▽
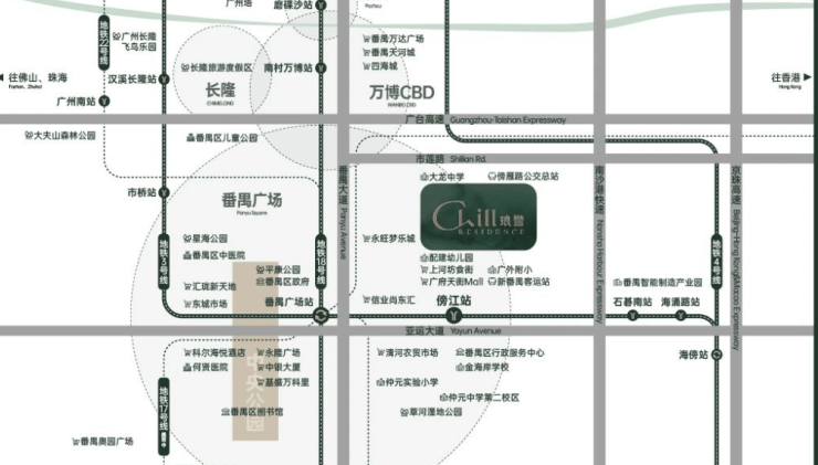 与3号线东延段傍江站直线距离约500米(已开通),从小区出发做地铁去番禺广场只需要一个站,乘坐地铁前往珠江新城也不需要换乘。
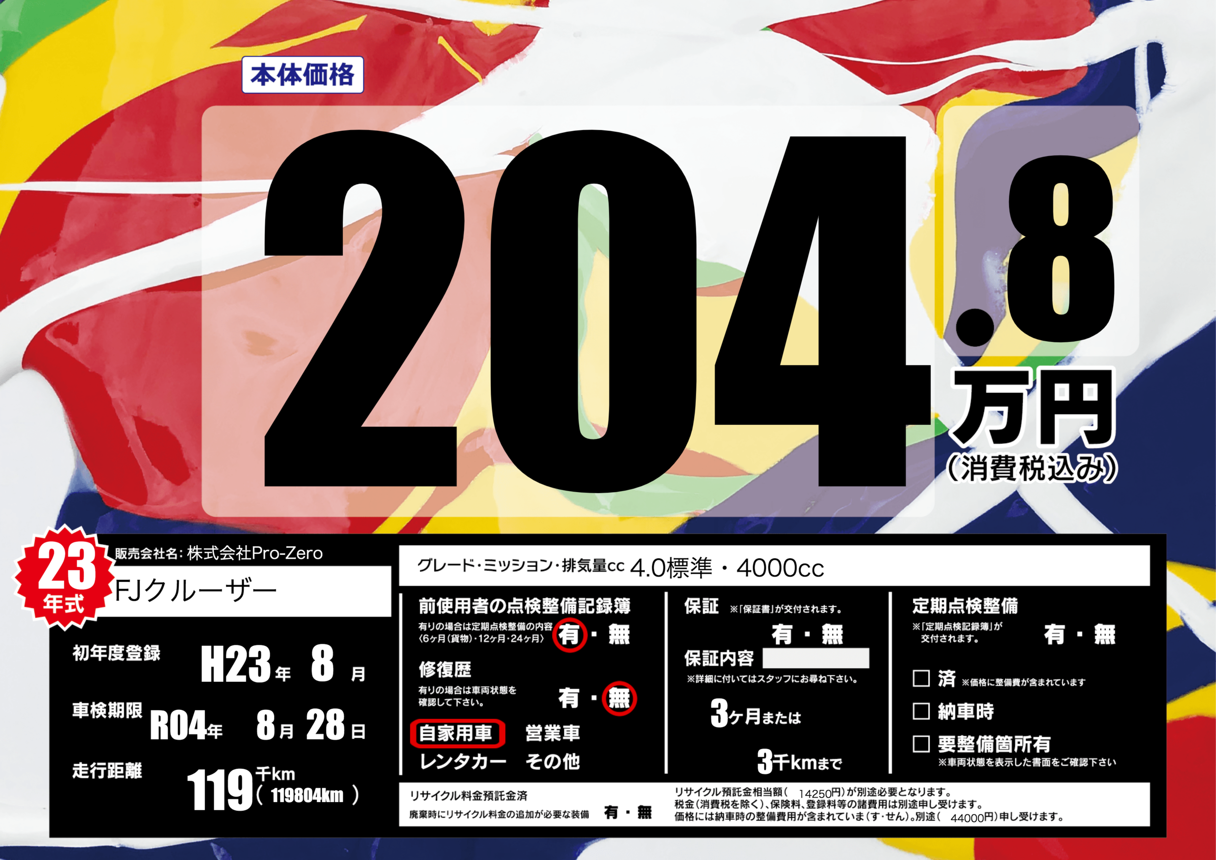 | 走行キロ | 11.9万km | 初年度登録 | H23年8月 |
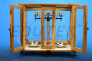 Balance Physical General purpose balance for student use. Cast alloy beam fitted with balancing nuts, agate bearings and knife edges. The hangers have double hooks for specific gravity xperiments. Detachable nickel plated brass pans, enamelled central pillar, plumbline, mounted in polished wooden case with levelling screws. Capacity 250 gm, sensitivity 2 mg.
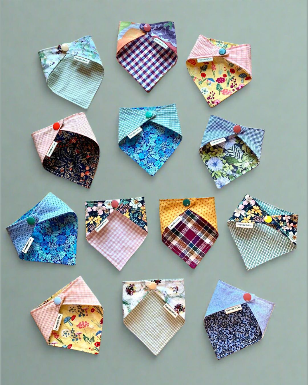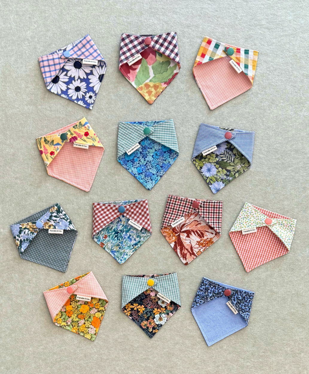 At Fernie & Co., we create all of our products with sustainability in mind. Our pet bandanas are thoughtfully curated with 50%-100% repurposed cotton fabric which has been double washed with an unscented, gentle detergent. They feature a strong resin snap and a double-stitched design to increase durability as well as offer two fabric patterns for reversibility. We hope our bandanas bring you joy and reflect your pet's unique style and personality!
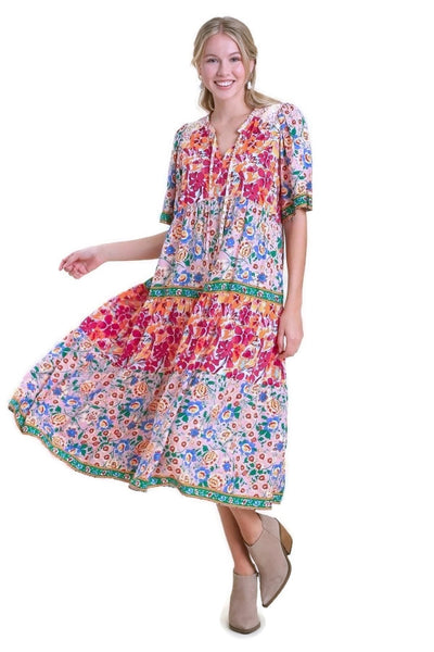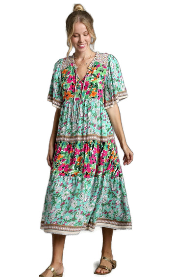 Mixed Floral Print Tiered Dress
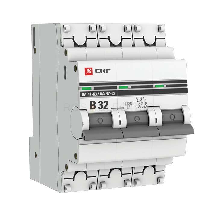 Автоматический выключатель 3P 32А (B) 6кА ВА 47-63 EKF PROxima mcb4763-6-3-32B-pro
△
# ACTION ITEM
A word-for-word copy of the lines from the one with "Mixed Floral Print Tiered Dress" through the final line of the listing above is the whole answer, and it contains no pictures.

# SOLVED EXERCISE
 Mixed Floral Print Tiered Dress
 Автоматический выключатель 3P 32А (B) 6кА ВА 47-63 EKF PROxima mcb4763-6-3-32B-pro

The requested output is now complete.